La risposta breve per chi cambia gli infissi nel 2026
- 50% per il proprietario o titolare di un diritto reale che sostituisce gli infissi nell’abitazione principale.
- 36% negli altri casi previsti, compresi gli interventi su una seconda casa.
- 65% non è l’aliquota ordinaria per la semplice sostituzione dei serramenti nel 2026.
- La detrazione Ecobonus per finestre e infissi ha un limite massimo di 60.000 euro.
- La pratica ENEA va trasmessa entro 90 giorni dalla fine dei lavori, salvo le regole transitorie del portale 2026.

La risposta nel 2026 è 50% o 36%, non 65%
Per le spese sostenute nel 2026, la sostituzione degli infissi tramite Ecobonus beneficia del 50% quando il contribuente è proprietario o titolare di un diritto reale di godimento e l’immobile è la sua abitazione principale. Negli altri casi l’aliquota applicabile è generalmente del 36%.
La distinzione riguarda l’anno in cui viene sostenuta la spesa, quindi soprattutto la data del pagamento. Una fattura emessa nel 2026 ma pagata nel 2027 segue, per una persona fisica, le regole dell’anno del bonifico. Il 65% che compare ancora in molte guide online si riferisce a vecchie aliquote dell’Ecobonus o a situazioni particolari legate al Superbonus, non alla sostituzione autonoma delle finestre nel 2026.
| Situazione | Aliquota per spese 2026 |
|---|---|
| Proprietario o titolare di diritto reale, abitazione principale | 50% |
| Seconda casa o altro immobile | 36% |
| Semplice sostituzione degli infissi senza interventi trainanti | Non 65% |
Abitazione principale non significa semplicemente “prima casa” acquistata con le agevolazioni fiscali. Conta l’unità immobiliare nella quale il proprietario dimora abitualmente. È una differenza concreta: una casa comprata come prima casa, ma utilizzata come abitazione saltuaria, potrebbe non permettere di applicare l’aliquota maggiorata.
Quando la sostituzione rientra nell’Ecobonus
La sostituzione dei serramenti rientra normalmente nell’Ecobonus quando migliora l’efficienza energetica di un edificio esistente. Gli infissi devono delimitare un ambiente riscaldato verso l’esterno o verso un locale non riscaldato e rispettare i valori di trasmittanza termica, cioè la quantità di calore che attraversa il componente.
Non basta acquistare una finestra nuova. Il lavoro deve sostituire un serramento esistente e produrre un miglioramento delle prestazioni energetiche. L’edificio deve inoltre essere esistente e dotato di un impianto di climatizzazione invernale secondo le definizioni tecniche applicabili.
Quali elementi possono essere compresi
- finestre e portefinestre comprensive di infisso;
- lucernari che separano ambienti riscaldati dall’esterno;
- porte d’ingresso con funzione di chiusura dell’involucro riscaldato;
- persiane, scuri, avvolgibili e cassonetti, se collegati all’intervento secondo i requisiti previsti.
Per una singola abitazione, ENEA indica in genere la necessità di conservare la certificazione del produttore o una relazione tecnica con i valori di trasmittanza dei vecchi e dei nuovi infissi. Il semplice cambio estetico, senza un effettivo miglioramento termico, è uno dei motivi più frequenti di contestazione.

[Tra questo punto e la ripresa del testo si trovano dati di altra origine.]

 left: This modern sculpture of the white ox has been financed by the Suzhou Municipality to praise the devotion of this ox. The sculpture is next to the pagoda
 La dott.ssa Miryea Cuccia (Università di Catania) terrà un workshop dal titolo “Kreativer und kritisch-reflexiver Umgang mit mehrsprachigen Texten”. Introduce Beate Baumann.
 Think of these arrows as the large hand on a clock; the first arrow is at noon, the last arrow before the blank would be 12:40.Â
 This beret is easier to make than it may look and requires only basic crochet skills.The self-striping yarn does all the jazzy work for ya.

Ecobonus e Bonus Casa non sono la stessa cosa
Per cambiare soltanto le finestre di un appartamento, la strada più lineare è spesso l’Ecobonus. Il Bonus Casa può essere utilizzato quando la sostituzione degli infissi è inserita in un intervento di manutenzione straordinaria, restauro o ristrutturazione edilizia ammesso alla detrazione.
La semplice sostituzione degli infissi esterni in una singola unità immobiliare, se qualificata come manutenzione ordinaria, normalmente non dà diritto al Bonus Casa. Sulle parti comuni condominiali, invece, la manutenzione ordinaria può rientrare nell’agevolazione. In caso di dubbio, la qualificazione urbanistica dell’intervento va verificata prima dell’ordine, non quando la fattura è già stata pagata.

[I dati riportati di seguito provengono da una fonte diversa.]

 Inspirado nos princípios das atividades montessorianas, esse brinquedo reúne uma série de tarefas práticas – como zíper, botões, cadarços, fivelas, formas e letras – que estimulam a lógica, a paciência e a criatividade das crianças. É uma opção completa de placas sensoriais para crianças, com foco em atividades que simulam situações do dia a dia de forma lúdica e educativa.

| Caratteristica | Ecobonus | Bonus Casa |
|---|---|---|
| Intervento tipico | Sostituzione con miglioramento energetico | Lavoro inserito in una ristrutturazione ammessa |
| Aliquota 2026 su abitazione principale | 50% | 50% |
| Aliquota 2026 negli altri casi | 36% | 36% |
| Limite principale | 60.000 euro di detrazione per infissi | 96.000 euro di spesa per unità immobiliare |
| Invio ENEA | Richiesto | Richiesto quando il lavoro comporta risparmio energetico |
Non si possono sommare due detrazioni sulla stessa spesa. Se nello stesso cantiere ci sono lavori diversi, è possibile separarli solo con fatture, pagamenti e documentazione coerenti. Io consiglio di far indicare in preventivo quali voci appartengono all’Ecobonus e quali, eventualmente, al Bonus Casa.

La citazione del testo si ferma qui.